Disclaimer: so far I have never heard of a roof performance model. As far as I can tell, he is trying to calculate a theoretical estimate of the "arithmetic intensity" of the algorithm, which is the number of FLOPS for each byte of data. Such a measure may be useful for comparing similar algorithms, since the size N grows, but is not very useful for predicting real performance.
As a rule, modern processors can execute instructions much faster than they can retrieve / store data (this becomes much more pronounced as the data begins to grow larger than the size of the caches). Therefore, contrary to what might be expected, a cycle with a higher arithmetic intensity can work much faster than a cycle with a lower arithmetic intensity; most importantly, the N scale is the total amount of data affected (this will be done as long as the memory remains much slower than the processor, as is true in today's desktop and server systems).
In short, x86 processors, unfortunately, are too complex to be accurately described using such a simple model. Access to the memory goes through several levels of caching (usually L1, L2 and L3) before removing the RAM. Perhaps all your data fits into L1 - the second time you start your cycle (s), there may not be access to RAM at all.

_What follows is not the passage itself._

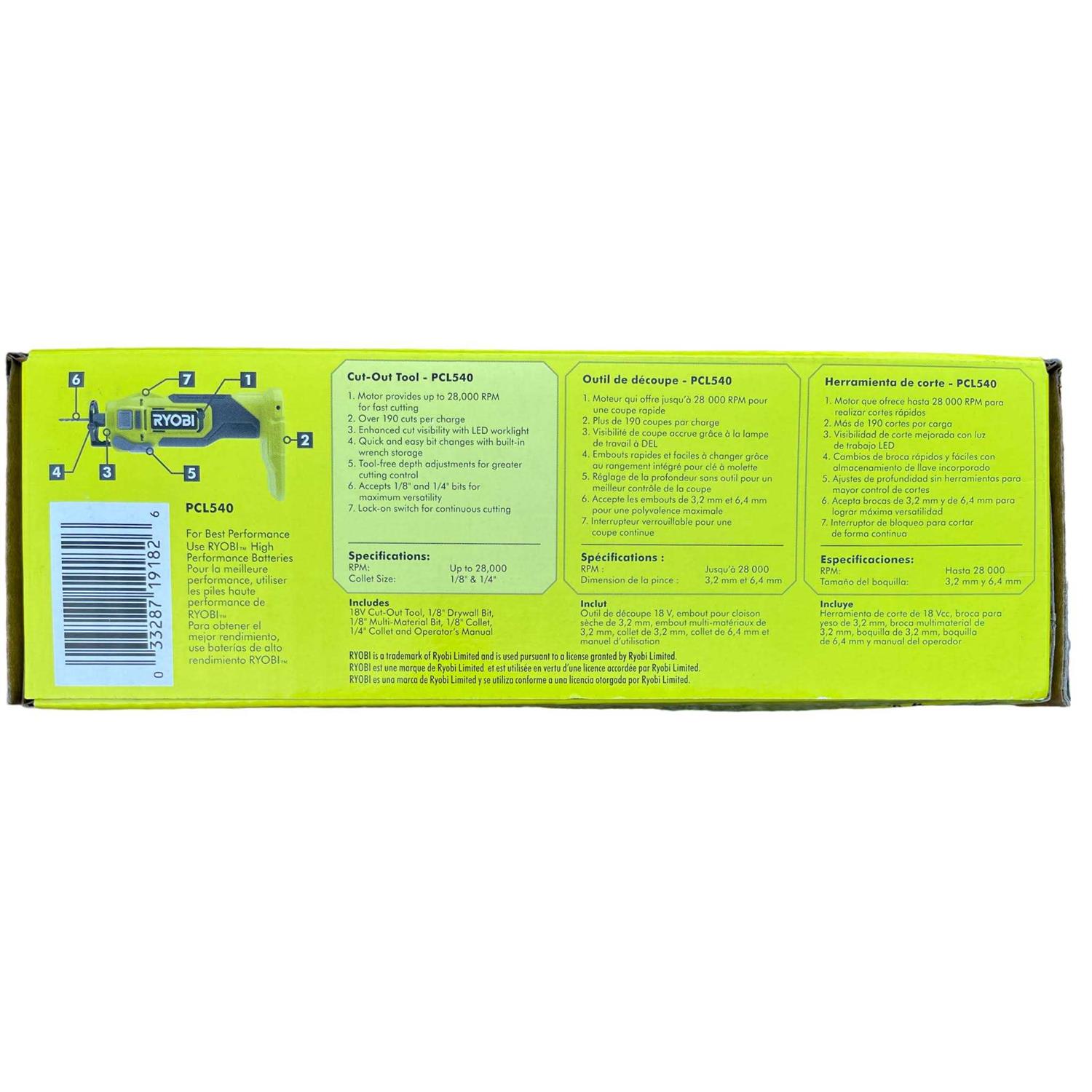 RYOBI ONE+ 18V Cordless Cut-Out Tool The powerful motor provides up to 28,000 RPM while also delivering over 190 cuts per charge. Equipped with an on-board LED worklight you will experience enhanced cut visibility. This tool accepts 1/8 in. and 1/4 in. bits while also incorporating quick and easy bit changes with built-in wrench storage. Age Group: adult.

And not just the data cache. Do not forget that the code is also in memory and must be loaded into the command cache. Each read / write is also performed from / to the virtual address, which is supported by the hardware TLB (which in extreme cases can cause a page error and, say, forces the OS to write the page to disk in the middle of your cycle). All this assumes that your program completely confuses the hardware (in operations without real-time, this is simply not so, since other processes and threads compete for the same limited resources).
Finally, the execution itself is not performed (directly) with reading and writing memory, but rather, the data is first loaded into registers (then the result is saved).
How does the compiler allocate registers if it tries to unroll a loop, auto-vectorization, model for scheduling commands (interleaving instructions to avoid data dependencies between instructions), etc. will also affect the actual throughput of the algorithm.
So, finally, depending on the received code, CPU model, the amount of processed data and the state of various caches, the latency of the algorithm will change by orders of magnitude. Thus, the intensity of the loop cannot be determined by checking the code (or even the assembly) alone, since the game has many other (non-linear) factors.
To answer your real question, although, as far as I see in the definition set out here , the second loop will be considered as single additional 4-byte access per iteration on average, so its OI will be θ (3N FLOPS / 4N bytes). Intuitively, this makes sense, since the data is already loaded in the cache, and the record can directly change the cache, instead of returning to the main memory (the data must ultimately be written back, however this requirement does not change from the first loop).